Background GD-11, a novel brain cytoprotective drug, was designed to be actively taken up and transported across the blood-brain barrier via the glucose transporter. This study aimed to evaluate the safety and efficacy of GD-11 for improving the recovery of patients with acute ischaemic stroke (AIS). Methods A double-blind, randomised, placebo-controlled, phase 2 trial was conducted at 15 clinical sites in China. Patients aged 18–80 years with AIS within 48 hours were randomly assigned (1:1:1) to receive 160 mg GD-11, 80 mg GD-11 and placebo, two times a day for 10 days. The primary endpoint was a modified Rankin Scale (mRS) score of 0–1 at 90 days after treatment. The safety outcome was any adverse events within 90 days. Results From 17 November 2022 to 22 March 2023, a total of 80 patients in the 160 mg GD-11 group, 79 patients in the 80 mg GD-11 group and 80 patients in the placebo group were included. The proportion of an mRS score of 0–1 at day 90 was 77.5% in the 160 mg GD-11 group, 72.2% in the 80 mg GD-11 group and 67.5% in the placebo group.
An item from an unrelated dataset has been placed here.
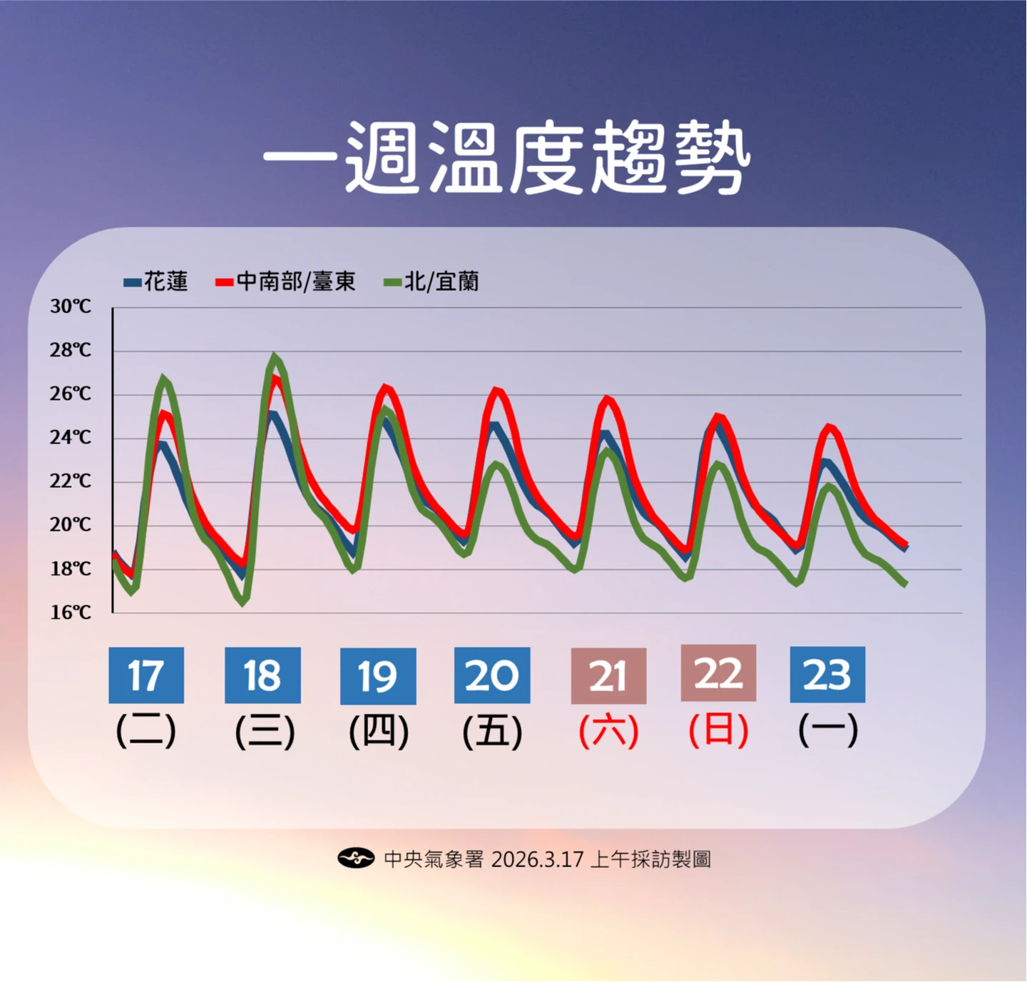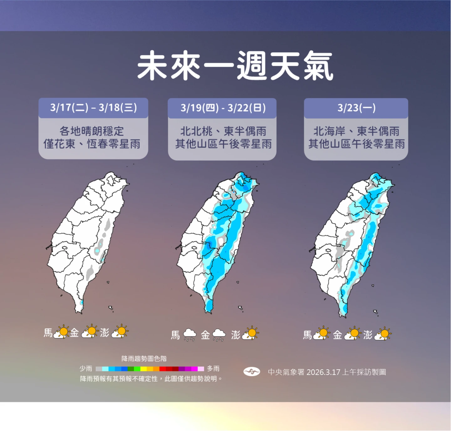 周五、六(20、21日)微弱鋒面掠過、北部、東半部轉有局部短暫雨;北台轉涼,中南部白天微熱、早晚涼。下周日至周四(22至26日)微弱鋒面北移、消散,各地恢復晴朗穩定,白天微熱(約30°C、逐日緩升至30°C以上)、早晚偏涼,東半部偶有零星少量飄雨的機率。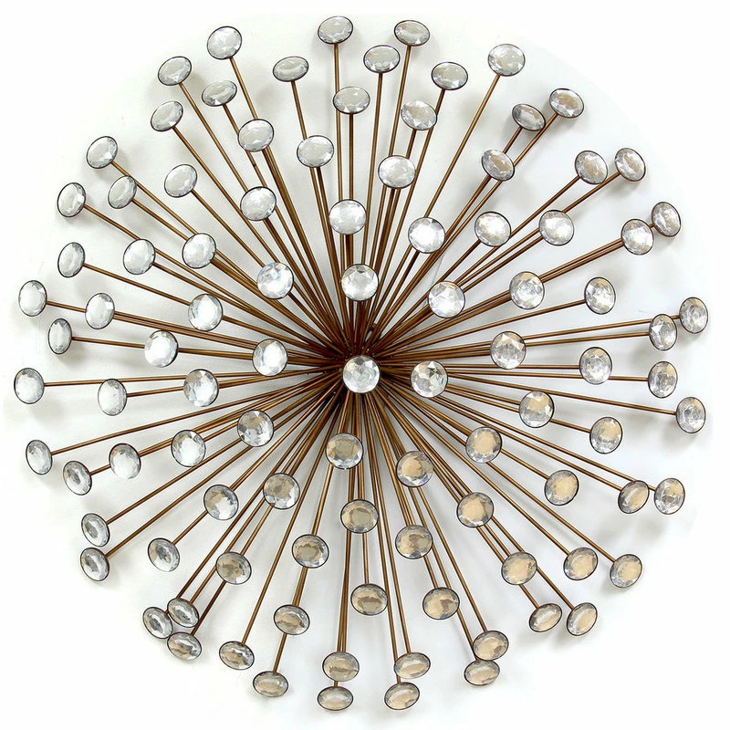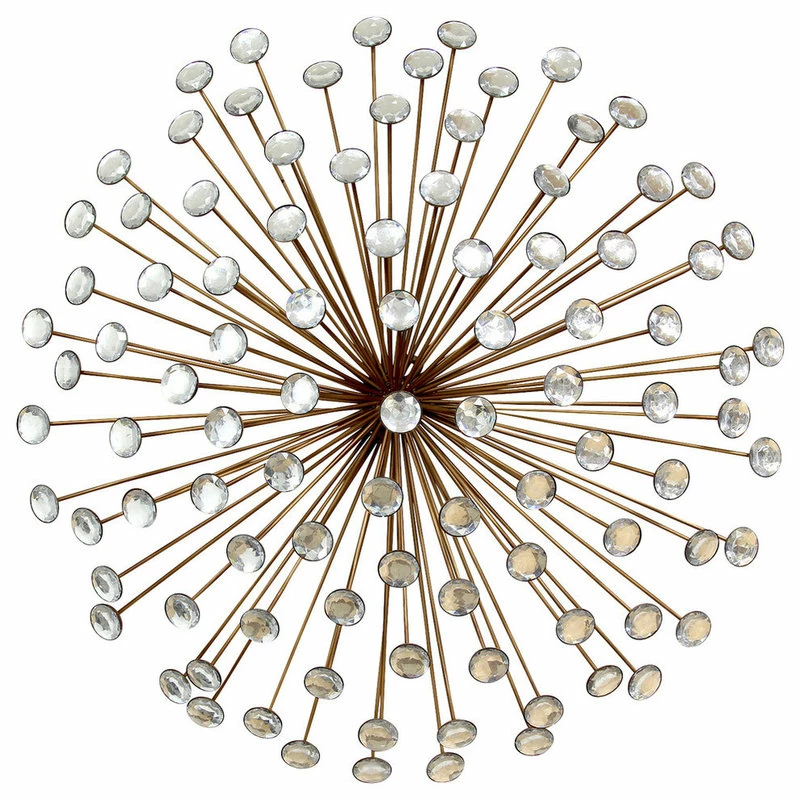 This decorative wall centerpiece features metal spikes bursting outwards, each one colored with a gorgeous bronze finish. At the tip of each spike is an acrylic embellishment, which sparkles and shines when it gets hit by natural or ambient light.

Though no significant difference was found (p=0.3671), a numerically higher proportion was observed in the GD-11 group, especially in the 160 mg GD-11 group. The incidence of adverse events was similar across the three groups (p=0.1992). Conclusion GD-11 was safe and well-tolerated. A dosage of GD-11 160 mg two times a day was recommended for a large trial to investigate the efficacy.